Xiao Wei's story, reported in the Irish Times, is a sad but common example of the realities of life under Communist China's brutal one-child policy. Under the policy, families must have only one child or face heavy fines and public condemnation.
Chinese parents rely on their male children to take care of them as they age. Their female children are expected to marry and become part of their husbands' families when they grow up. So if a woman can have only one child, she faces enormous pressure to make sure it is a boy.
"A woman without a son will be cursed by her mother-in-law and laughed at by the village," Xiao Wei told the Irish Times. Her second daughter was aborted after an ultrasound scan showed she was female, a practice that is routine in China.
Sex-selection abortions are officially illegal in China, but the New York Times found that the law is rarely enforced. In eastern Guangdong province, an ultrasound scan costs the equivalent of $4, and an abortion of "an unwanted female can be arranged the same day for the equivalent of $15 to $120," the Times reported.
Since the unborn baby needs to be larger before the sex can be determined, most of these abortions occur in the second and third trimesters of pregnancy, according to the Times.

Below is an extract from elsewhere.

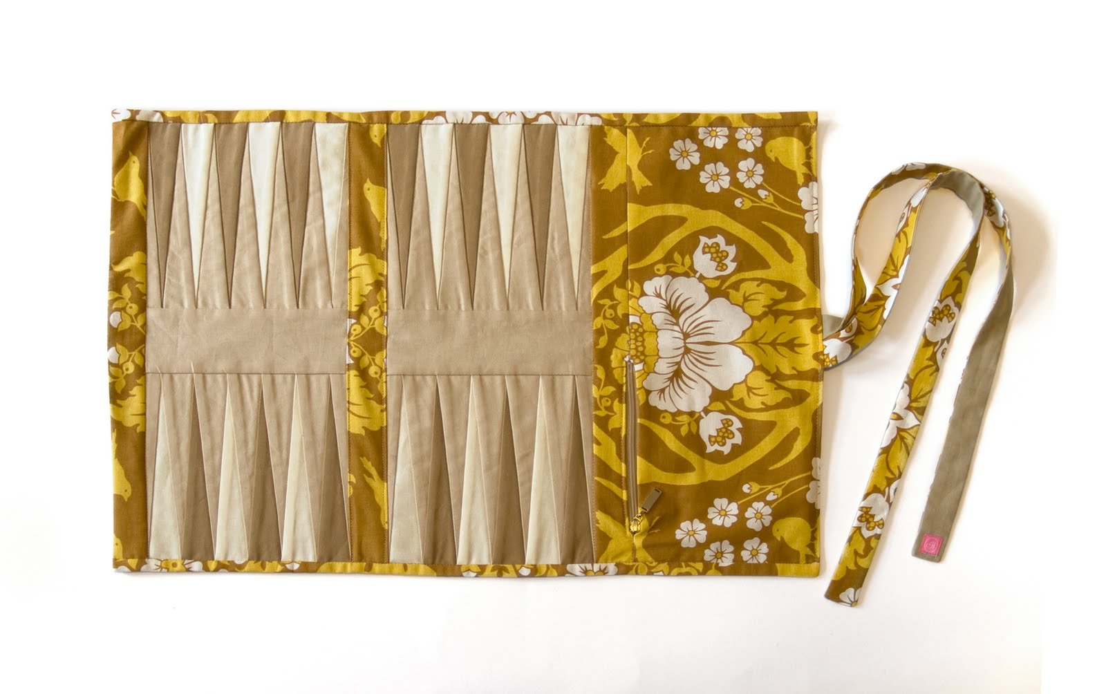 Letzte Woche habe ich es endlich geschafft (so vieles schaffe ich gerade nur "endlich", da meine To-Do-Liste länger und länger wird durch all die vielen Ideen die ich habe...), ENDLICH also geschafft, mich an die Umsetzung einer zweiten Variante meines Roll-Backgammons zu machen. Hier ist sie also, die Version mit integrierter Tasche.Überhaut sind meine Backgammon gerade das Einzige was ich nähe, bei dem ich guten Gewissens von "Patchwork" sprechen kann - also mehr davon!

Even families that violate the one-child policy usually make sure that their second child is male. A study in a central Chinese province found that parents who already have one daughter and discover their second child is also a girl abort the baby 92 percent of the time, the New York Times reported.
Abortion is not the only way that girls are discarded. A Chinese study found that infanticide is a last resort for families too poor to buy an ultrasound scan or an abortion, the Irish Times reported. "Some parents consider female infanticide nothing more than a delayed abortion," study author Zhu Chuzhu told the Irish Times.
The one-child policy has led to a staggering disparity between births of boys and girls. Census data from 2000 found a national average of 117 boys born for every 100 girls - - an increase from 1990, when the ratio was 111 to 100. In parts of Guangdong province the ratio was even more lopsided: 144 boys were born to every 100 girls, or three boys for every two girls. The worldwide average is 106 to 100.
There are now about 70 million more males than females in China, and this shortage of women contributes to huge social problems. According to the Irish Times, women are increasingly kidnapped and sold as brides or into prostitution. "Men in the countryside pay handsomely for a wife - - even one abducted and married off against her will," the Irish Times reported.
Although government officials pay lip service to the problem, saying the gender imbalance will "damage social and economic stability," according to the Irish Times, their one-child policy remains in place.
Xiao Wei, like countless other women in China, seemed to accept that her duty to give birth to a boy was simply a reality of life in her country: "I miss my first daughter very much but this is the way it has to be."